40. Crystalline Form XI of (5-[3-(3-Hydroxyphenoxy)azetidin-l-yl]-5-methyl-2,2- diphenylhexanamide hydrochloride characterized by PXRD pattern having peaks 6.84, 9.47, 10.20, 10.69, 11.05, 14.16, 19.24, 19.71, 21.49, 22.37, and 23.72 ± 0.2 ° 2Θ.

41. Crystalline Form XI of (5-[3-(3-Hydroxyphenoxy)azetidin-l-yl]-5-methyl-2,2-diphenyl hexanamide hydrochloride of claim 40 characterized by a PXRD pattern as shown in Figure 43.

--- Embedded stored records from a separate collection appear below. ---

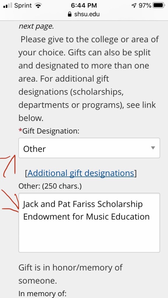 “Jack and Pat Fariss Scholarship Endowment for Music Education” Donation mail-in form: shsu-farissdonationform2020-2.pdf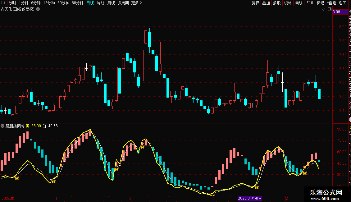 1. 计算KDJ指标,通过红蓝柱状线直观显示K线与D线的金叉死叉。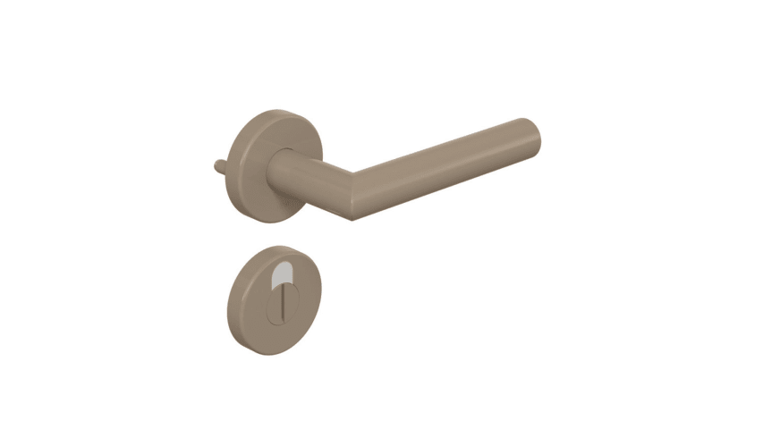 HEWI Drückergarnitur 162PCR02.230; Produkttyp: Drückergarnitur; Produkttyp (Hersteller): Drückergarnitur; Ausführung: Rosette; Befestigungsart Drückerrosette (außen): verdeckt verschraubt; Befestigungsart Drückerrosette (innen): verdeckt verschraubt; Befestigungstechnik: mit Stütznocken; Montageart: aufliegend; Form Drückerrosette: rund; Form Schlüsselrosette (außen): rund; Form Schlüsselrosette (innen): rund; Vierkant: 8,5 mm; Material: Kunststoff; Material Türdrücker: Kunststoff; Material Rosetteneinleger: Kunststoff; Material Unterkonstruktion (Griffrosette): Kunststoff-Stahlverbundbau; Form Türgriff (innen): Gehrung; Form Türgriff (außen): Gehrung; Durchmesser Türgriff (innen): 21,3 mm; Durchmesser Türgriff (außen): 21,3 mm; Durchmesser Schlüsselrosette: 55 mm; Länge Türgriff (innen): 135 mm; Länge Türgriff (außen): 135 mm; Höhe Türgriff (innen): 62 mm; Höhe Türgriff (außen): 62 mm; Durchmesser Drückerrosette (außen): 55 mm; Durchmesser Drückerrosette (innen): 55 mm; Höhe Drückerrosette (außen): 10 mm; Höhe Drückerrosette (innen): 10 mm; Höhe Schlüsselrosette (außen): 10 mm; Höhe Schlüsselrosette (innen): 10 mm; Lagerung: wartungsfreies Gleitlager,festdrehbar; Einsatzbereich: Zimmertür,Objekttür; Türart: Vollblatt; Türwerkstoff: Holz,Stahl; Lochung: WC Schauscheibe/Schlitzkopf; Riegel-Vierkant: 7 mm; DIN-Richtung: DIN Links-Rechts; Material Rosette: Kunststoff; Farbe: braun; Farbton: sand; Oberfläche: hochglanz; Oberfläche Türdrücker: beschichtet; Oberfläche Rosette: beschichtet; Oberfläche Rosetteneinleger: beschichtet; Material Unterkonstruktion (Schlüsselrosette): Kunststoff-Stahlverbundbau; Technik: R-Technik; Ausführung Vierkant: Vierkantstift; Türstärke min.: 38,1 mm; Türstärke max.: 43 mm; Norm: DIN 18255,DIN EN 1906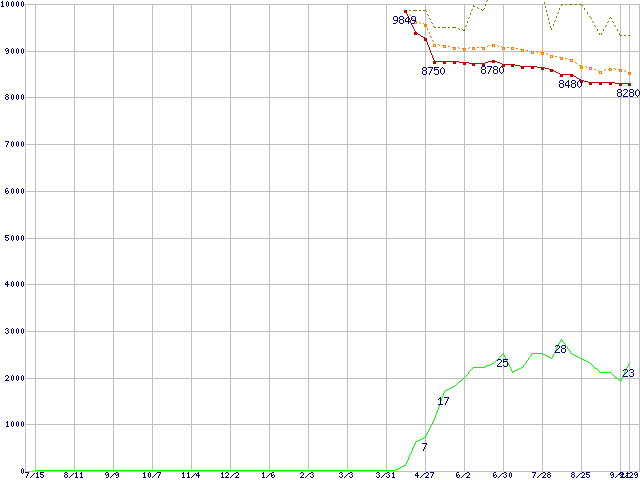 | 6L160P0 (160GB,8MB)の価格推移 | | | (2004年7月15日~2005年9月29日) |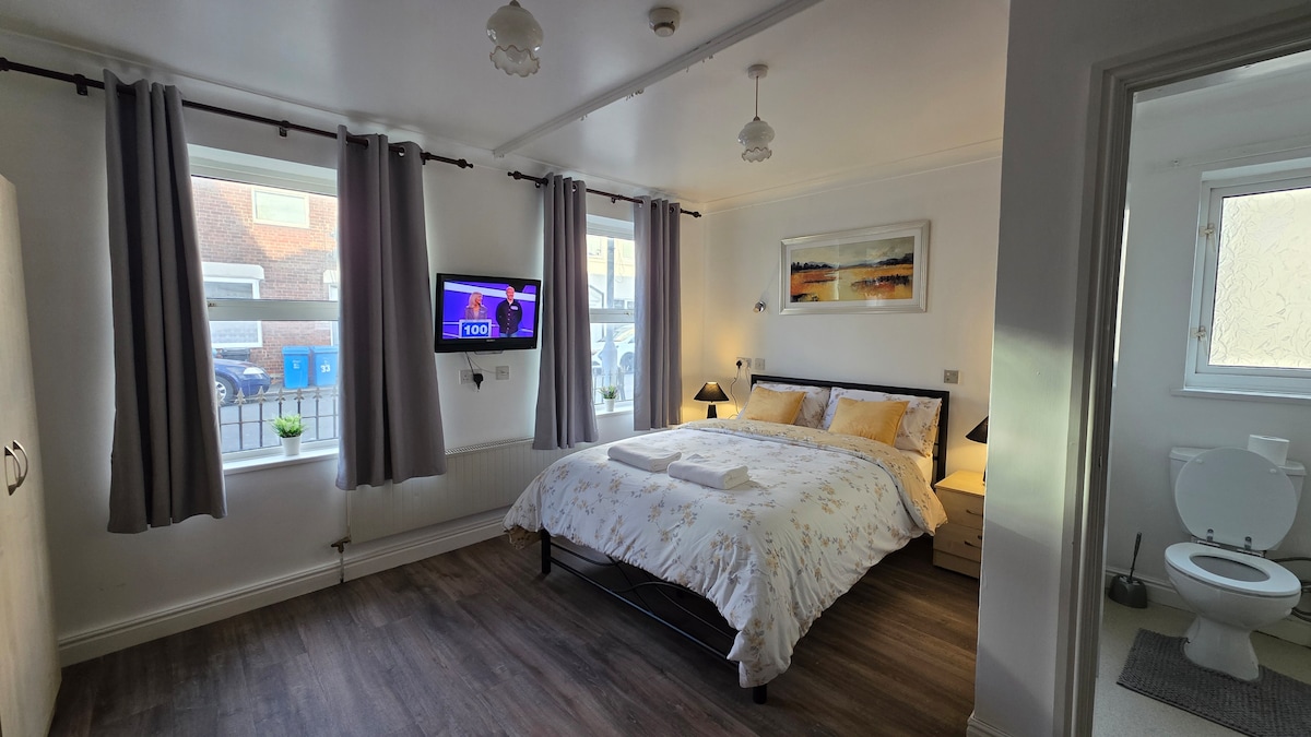 Fabulous newly renovated luxury apartment with awesome location to Hull Marina. The Fully fitted kitchen contains a fridge, freezer, dishwasher, washer dryer, electric oven, induction hob, toaster, microwave & kettle. Living area luxury sofa, Smart TV and French doors opening to a Juliet balcony. Bed 1 has a Kingsized bed, fully fitted wardrobes with chest of drawers in each, smart TV Bed 2 has 2 larger single beds, smart tv, and open wardrobe Bathroom has bath, separate shower & Vanity Unit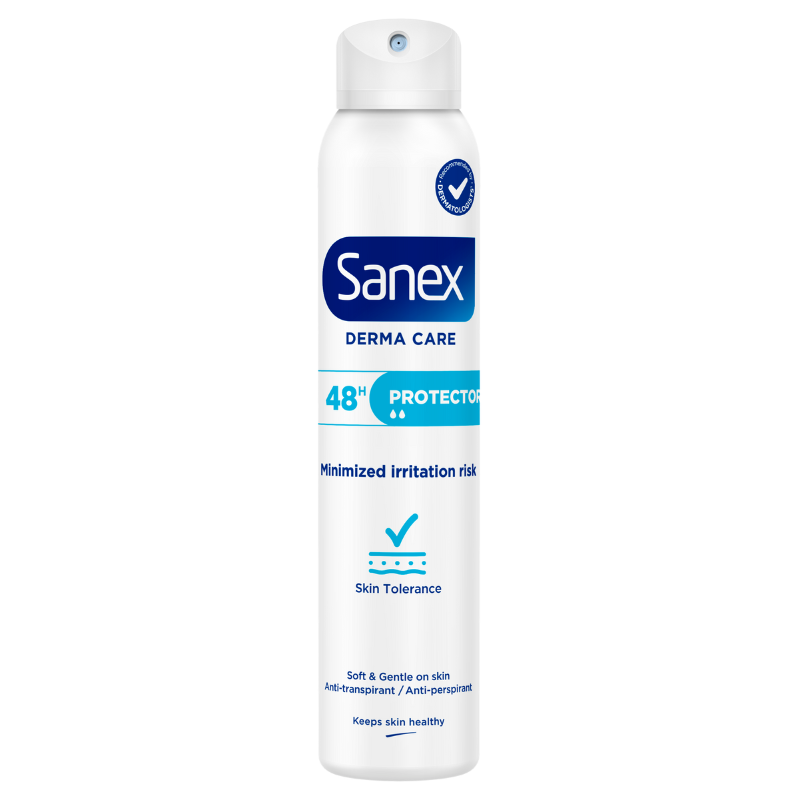 Sanex Derma Care Protector er særligt udviklet til at give effektiv beskyttelse mod sved og lugt i op til 48 timer. Forbliv frisk og tør mens du plejer din hud. Produktet er mildt og blødt mod huden med minimeret risiko for irritation. 0% Alkohol*. Dermatologisk testet.

42. A process for the preparation of Form XI of (5-[3-(3-Hydroxyphenoxy)azetidin-l-yl]-5- methyl-2,2-diphenylhexanamide hydrochloride comprising the steps of:

a) suspending (5-[3-(3-Hydroxyphenoxy)azetidin-l-yl]-5-methyl-2,2-diphenyl hexanamide hydrochloride in xylene, and

b) isolating crystalline Form XI of (5-[3-(3-Hydroxyphenoxy)azetidin-l-yl]-5- methyl-2,2-diphenylhexanamide hydrochloride.